I’ll be honest: on the one hand, this field is drawing me in more and more deeply. On the other hand, finding time for serious, thoughtful study is not easy. But that time has to be found. Because today, whatever we do, whatever profession, industry, or business we are in, we can no longer afford the luxury of remaining superficial users of artificial intelligence.

Many people think that mastering AI means knowing how to write prompts, being familiar with a few popular services, and downloading a couple of apps from the App Store or Google Play. The ability to write prompts is a useful skill. But it is only the entry level, not a true understanding of artificial intelligence.

We need another level: the level of understanding, of the architect, of the co-creator. The level of a person who understands not only what to click, but what is happening inside the system, what logic it follows, what limitations it has, where it amplifies human beings, and where it quietly begins to replace them. Because if we treat AI merely as a toy for generating texts, images, and videos, we risk becoming among those whose functions AI will be able to automate first.
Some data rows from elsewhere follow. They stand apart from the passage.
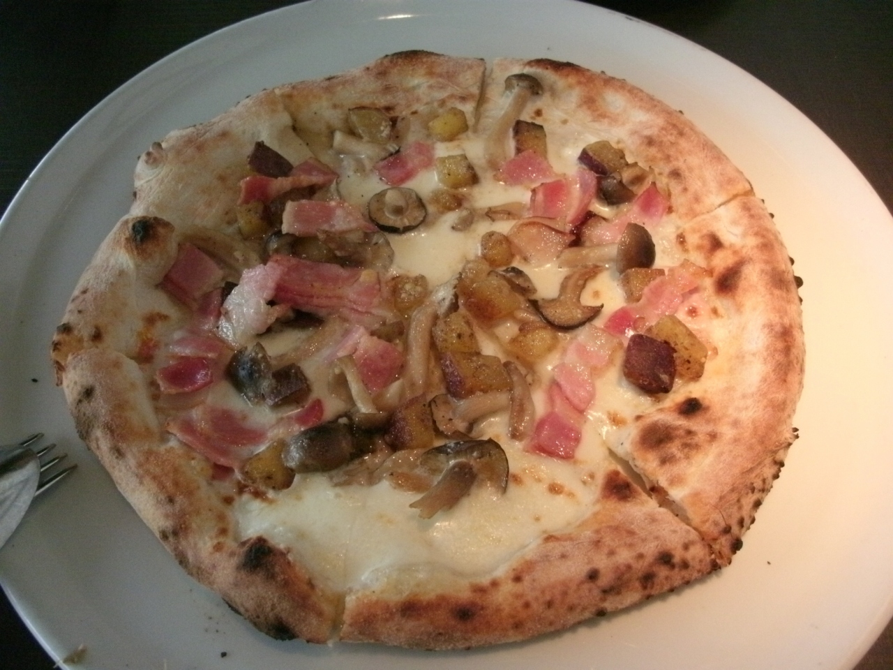 ピッツァ釜のあるオープンキッチンでシェフが粉から作るピザは、生地がモチモチしていてとても美味しかった。事前にフロアスタッフの方が『ピッツアはシェアしますか?』と聞いてきたので『はい』と答えると、ピッツアは一枚ずつ時間をおいてサービスされたので、アツアツを頂くことができてとても良かったし、細かい心遣いが嬉しかった。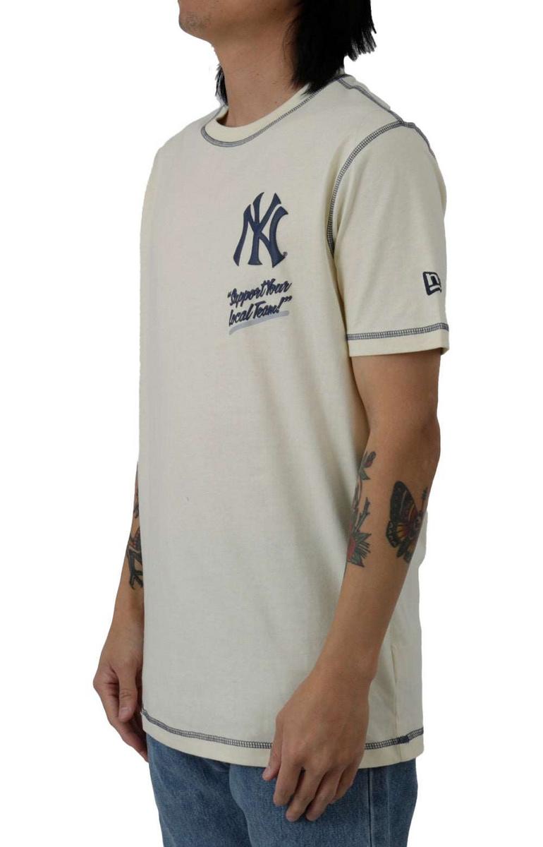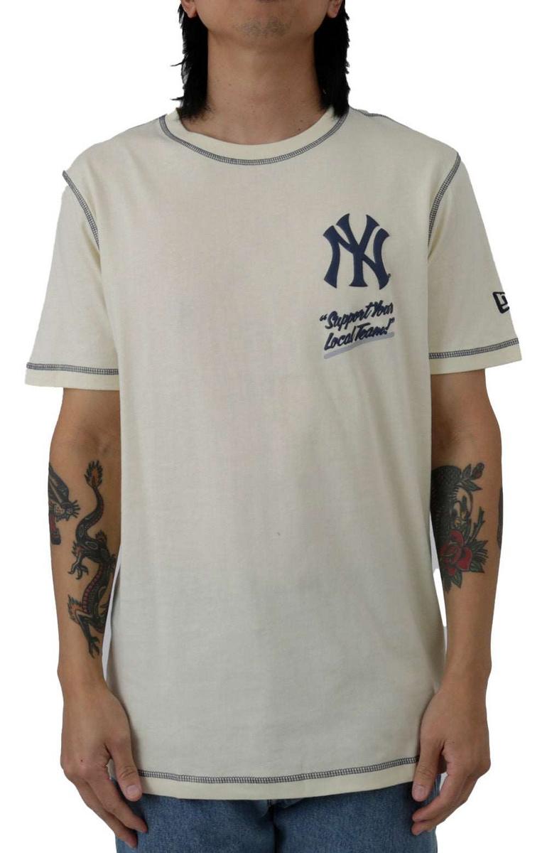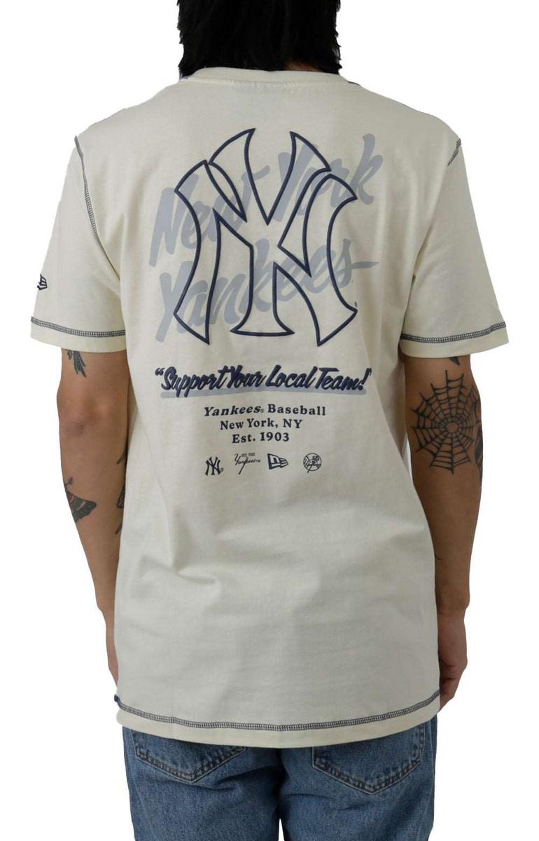 The NY Yankees Teamsplit T-Shirt is made from 100% cotton for a comfortable fit. It features a ribbed crew neck and short sleeves for a classic look. The shirt is machine washable for easy care.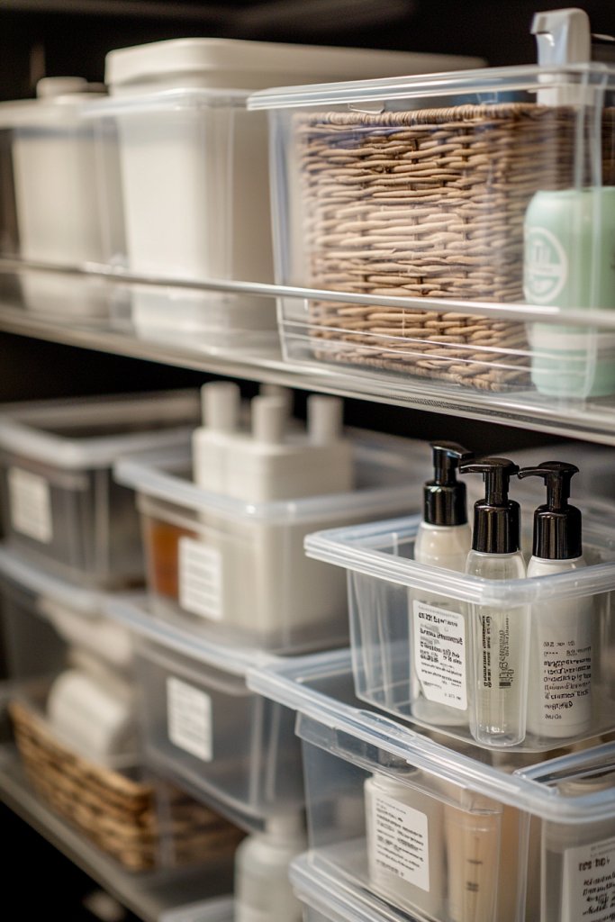 Picture stackable, transparent containers filled with toiletries, sponges, and cleaning products, neatly arranged on adjustable shelves. The clear material lets you see everything at a glance, reducing clutter and frustration. Labeling adds a touch of order and professionalism.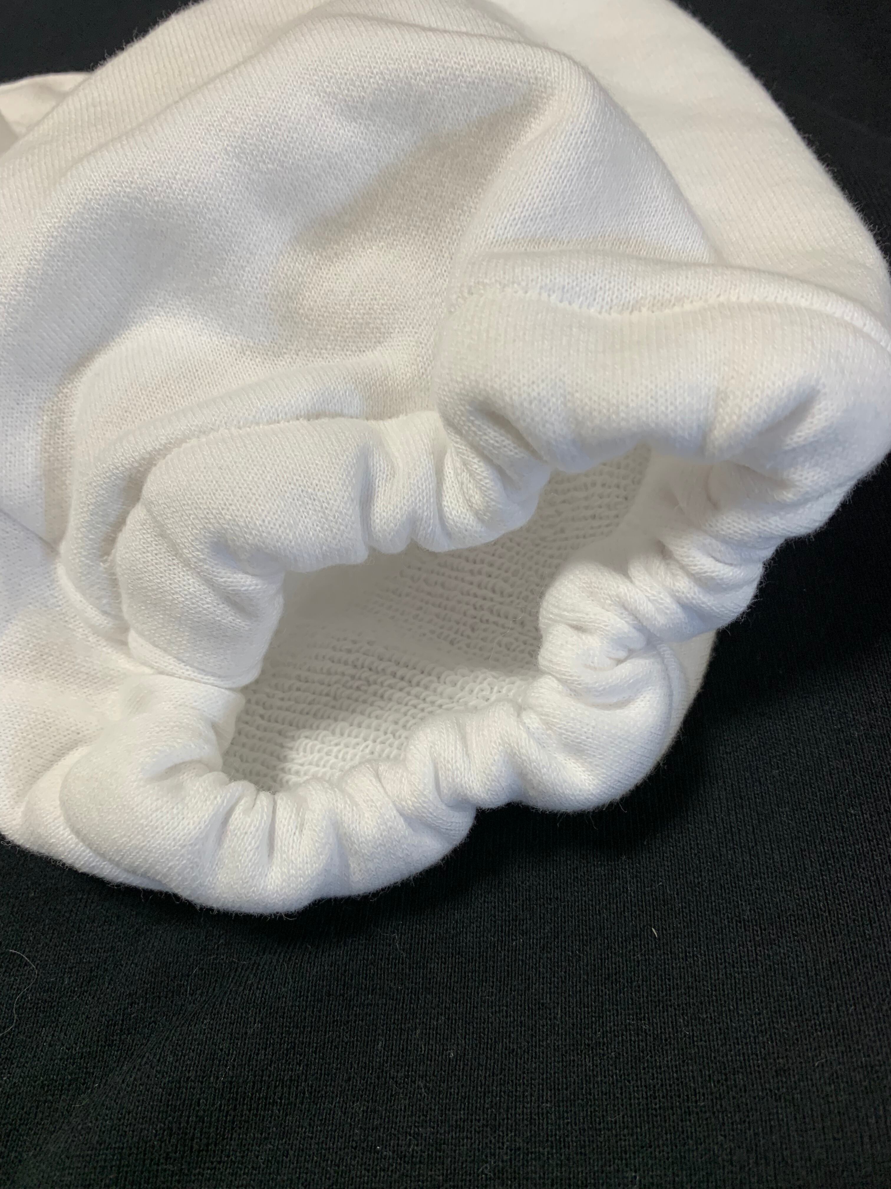 ウエストのゴムは調整できるように出してあります。ゴムの出し入れできるところにタグを付けています。(タグが付いている方が前です)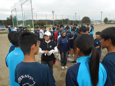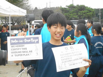 親中生も各チームの指導者のアドバイスを受けながら楽しくプレー。あちこちで楽しそうな声が聞こえてきました。ホールインワンも多数出て、多いに盛り上がりました。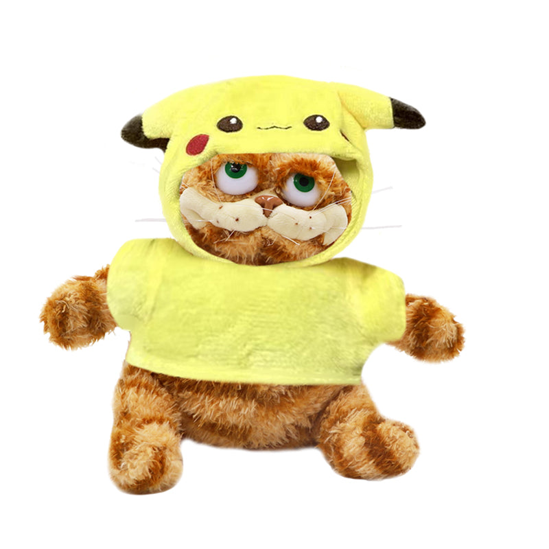 ELAINREN Kawaii Stuffed Garfield Cat Wearing PIKAQIU Costume/11.8‘’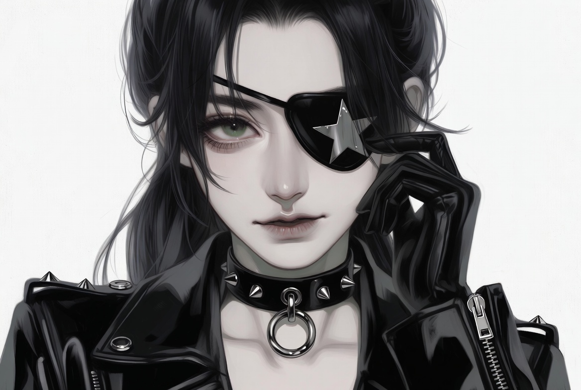 A detailed digital illustration of a young Asian woman with long black hair and a black star eyepatch over one eye. She wears a black leather jacket with studs, a spiked choker with a ring, and black gloves, posing with her hand lifting the eyepatch. Her expression is intense with green visible eye and pale skin on an isolated background.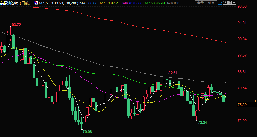 美原油现报76.39美元/桶。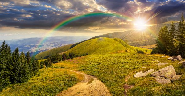 Bergen bij een mooie zonsondergang met een regenboog. Met dit fotobehang in huis is het net alsof je zo dit landschap in kan lopen.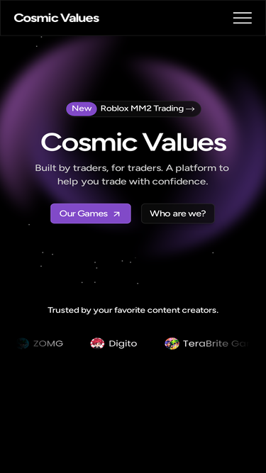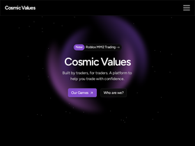 58%Cosmic Values is a trusted Roblox value list platform with real-time trading values for Pet Simulator, Blox Fruits, Grow a Garden, and more. Trusted by millions of players, our platform gives you the tools to make trading simpler.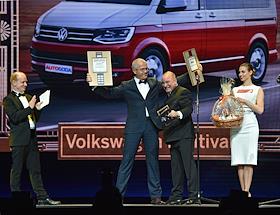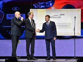 Церемония вручения ежегодной национальной премии "Автомобиль года в России 2018" в театре Московского Дворца Молодежи. Слева направо: главный редактор журнала "Автопарк" Михаил Ожерельев, глава марки "Volkswagen Коммерческие автомобили" Михаил Семенихин и генеральный директор "AVIS Россия" Алехандро Кареньо на церемонии.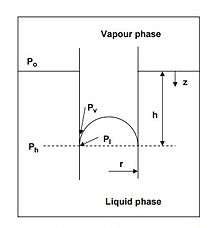 - ↑ Robert von Helmholtz (1886) "Untersuchungen über Dämpfe und Nebel, besonders über solche von Lösungen" (Investigations of vapors and mists, especially of such things from solutions), Annalen der Physik, 263 (4): 508–543. On pages 523–525, Robert von Helmholtz converts Kelvin's equation to the form that appears here (which is actually the Ostwald–Freundlich equation).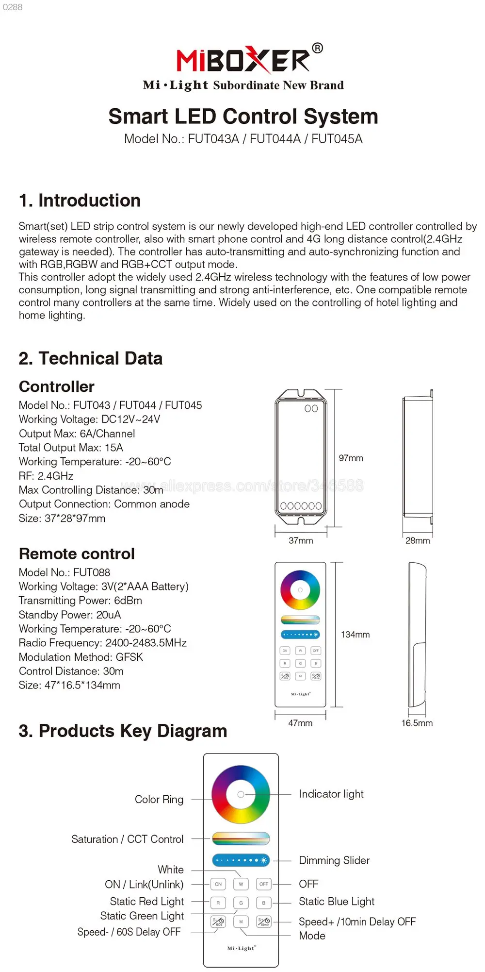 1 x FUT044A RGBW светодиодный контроллер с пультом дистанционного управления ********** Пульт ДУ поставляется без аккумулятора из-за таможенных ограничений! ************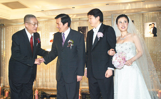 國(guó)民黨副主席吳敦義次子吳子文(右二)昨天辦喜宴,馬英九(左二)等臺(tái)灣黨政要人幾乎全部到齊。(圖片來源:臺(tái)灣《聯(lián)合報(bào)》)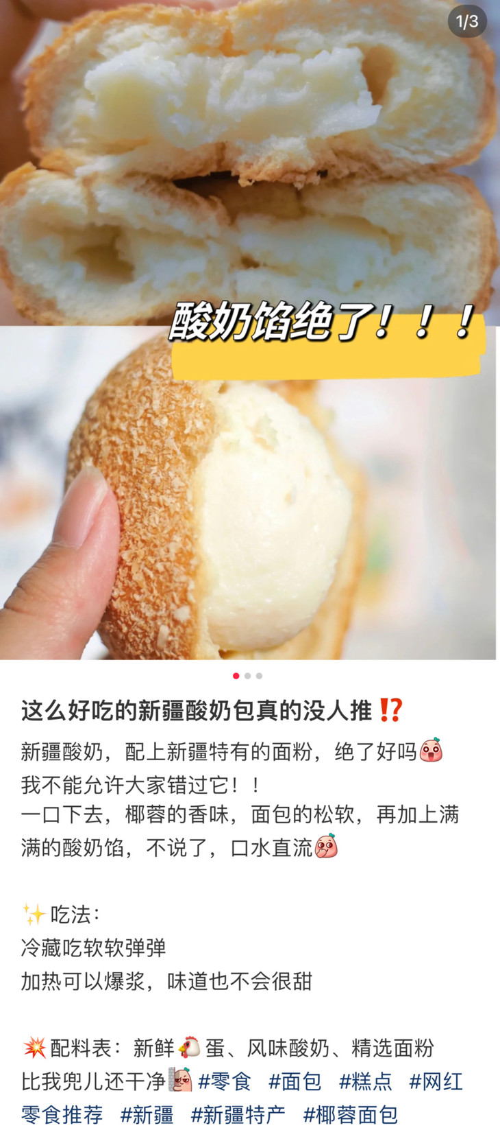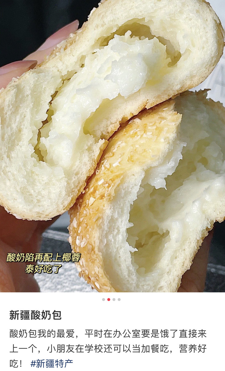 前一段上的塔城包一不小心成了店内热榜第二,看来大家都很爱大新疆啊!所以马上试起酸奶包,也不错吃,虽然看上去普通,包装也一般,但酸奶馅真的占了快一半,超好吃,尤其是空气炸锅5分钟后!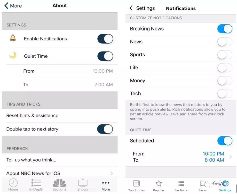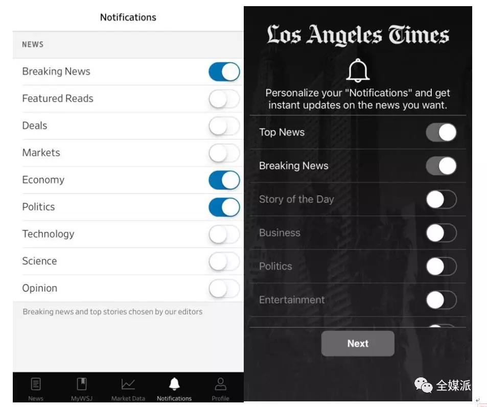 “个性化”是一个放之四海皆准的好思路,用户能自主选择订阅账户和垂直频道,当然也能自主选择push什么内容。目前,国外多家资讯APP已将通知分垂直类别开启,将主动权交还给用户,可根据自己的喜好来对通知的内容进行设置。贴合用户兴趣的推送更能唤起沉睡的用户,提高产品活跃度。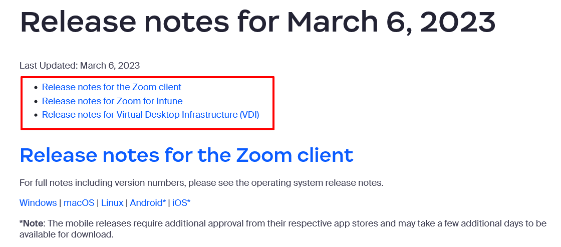Zoom’s release notes aren’t particularly visually memorable, but the most important thing is that they deliver the necessary information, which they do in great detail.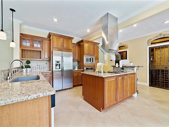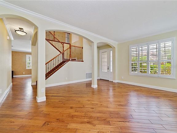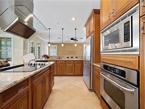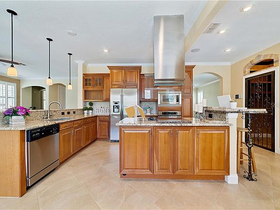 Immaculate 4 bedroom pool home with 9'4" - 10' ceilings on water & conservation, 3,100+ sq ft of living space in the gated community of River Oaks at Timber Springs. Kitchen renovation was the 2009 Parade of Homes Winner with stainless steel exhaust hood imported from Italy, 20" porcelain tile, upgraded cherry wood cabinets, crown molding, custom wine room with solid granite flooring & wine fridge. Downstairs family & formal living room have plantation shutters, 5" baseboards & hand scraped engineered wood flooring. Florida room is enclosed with double paned glass & oversized panel pocket sliding doors which open to fully screened in pool deck. The backyard has landscape lighting, Gazebo, mature hedge landscaping providing privacy. Switch back stairs with iron spindles lead upstairs to an open loft with plantation shutters and oversized bonus room with bamboo flooring. The master bedroom has oversized walk in closet, with the master bathroom having a walk in shower, jetted tub, & dual vanity. Additional upgrades include surround sound speakers, counter depth GE profile fridge, rubbed bronze lighting, chandelier, insulated living room ceiling, 8' interior doors throughout, concrete stained garage floor, crown molding, fan lighting, switches on dimmers, french drains and gutters installed, belt drive garage door opener, and oversize garage storage racks. Upgraded NEW AC 2019. Exterior painted 2014, interior painted 2018. Ask your agent for the upgrade list & make an appt to see this home today!
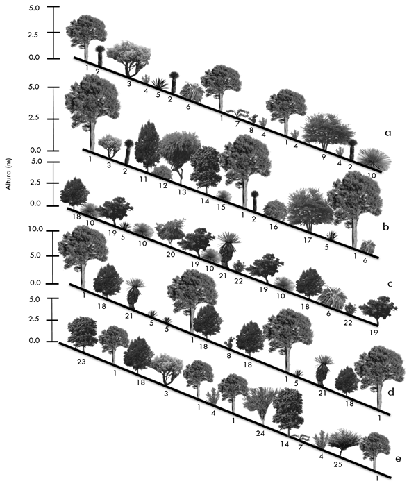 La estructura vertical y horizontal de la vegetación en cada comunidad se representó por medio de diagramas de perfil semirrealista (Richards, Walsh, Baillie, & Greig-Smith, 1996), elaborados con base en la DR, DER, FR, altura promedio de las especies y observaciones en campo sobre la fisonomía de la vegetación de las localidades. Se realizó un perfil por comunidad con base en la variante fisionómica más extendida.
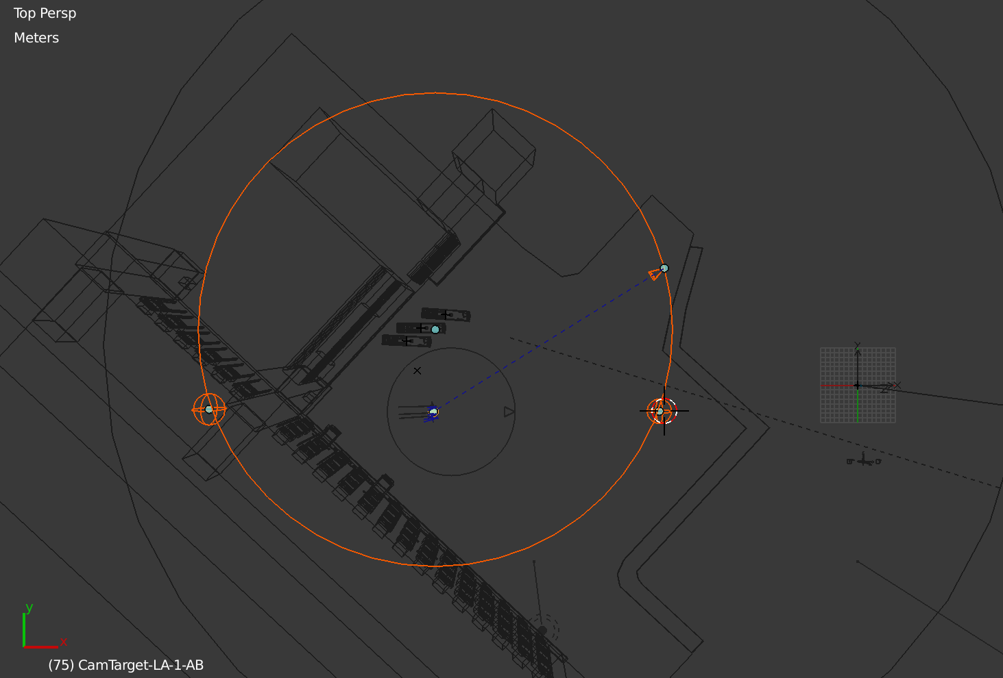 Here’s the current status of the camera path (in the LA-1-A shot, which is the integration building). I’ve used empties to mark desired points I want the camera to go through, as constraints on where the path can be.

But if we preserve our own depth, uncover our innate genius, and amplify it through artificial intelligence, neural networks, algorithms, machine learning, and intelligent systems, something entirely different happens. We do not disappear against the background of machines. We become stronger. Our thinking is amplified, our speed of work increases, our creative power expands, and our ideas find new forms of expression.

Millions of people around the world now risk getting stuck at the superficial level of interacting with AI. They are mastering the level of the AI user. But the future will belong to those who move to the level of the AI thinker, AI strategist, AI architect, and AI creator — the person who does not merely use the tool, but understands its nature and knows how to connect it with their own depth.

What do you think about this? What are you already doing in this direction?